I kept going. I thought of her compassion. How she was always trying to help others. I thought about how encouraging she was of me. And I thought of the sky above and the greatest shadow caster of all, the Earth, the penumbra of which had just slid across that big ball of flame.
Below Deborah Beeler I wrote, “Try for the Sun.”
8
CHICAGO
As I approached graduation my mentor, Professor Nicholas Kittrie, supported my effort to get a Ford Foundation fellowship at Northwestern University School of Law in Chicago. The fellowship focused on training grads to become real prosecutors or defense lawyers, since law school did nothing to prepare you for the courtroom, which was and is still true.

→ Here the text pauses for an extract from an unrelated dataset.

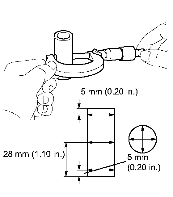 Using a caliper gauge, measure the inside diameter of the connecting rod bushing.
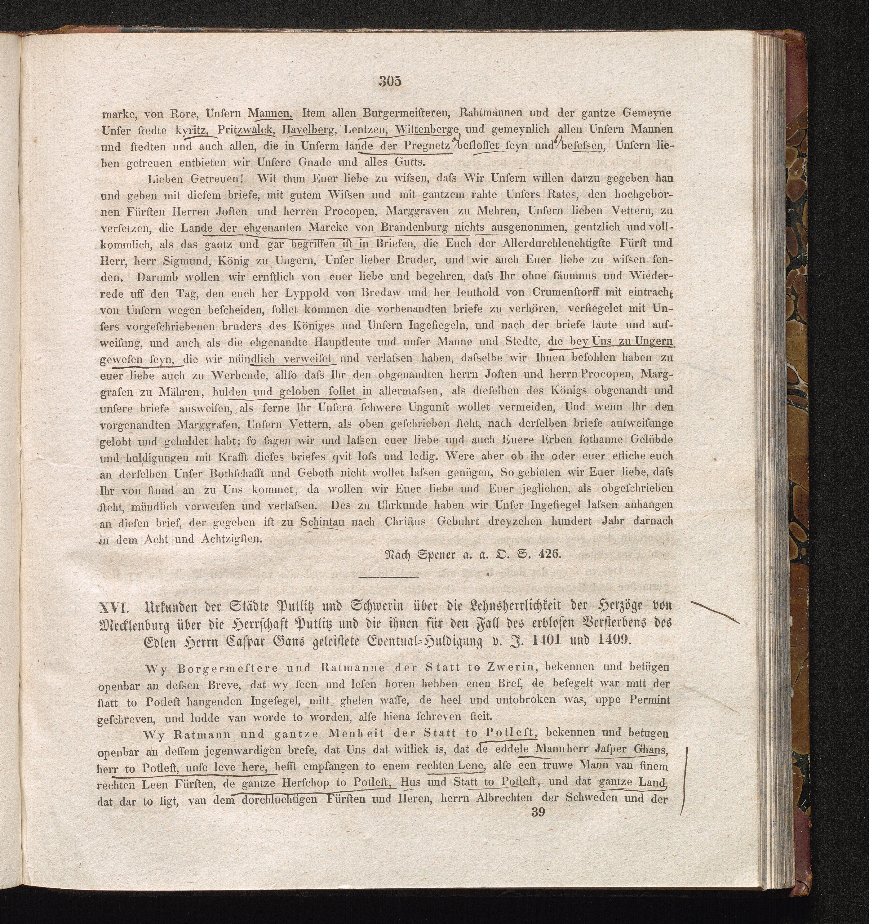 XVI. Urkunden der Städte Putlitz und Schwerin über die Lehnsherrlichkeit der Herzöge[...]

It was competitive and exclusive. My chances were slim. This was to be the last year of the program, and they had limited funding, only enough for two students out of more than five hundred applications. With Professor Kittrie’s support, I applied and was turned down. My fallback wasn’t bad though. I’d been offered a job with Kennedy and Ryan in San Francisco, the most “radical” and successful criminal law firm in the city. They were at the time representing Timothy Leary, who was living as a fugitive in Algeria. They had a cool Victorian house as their offices. I left DC in my Fiat, destination San Francisco, with a stop in Denver to visit friends.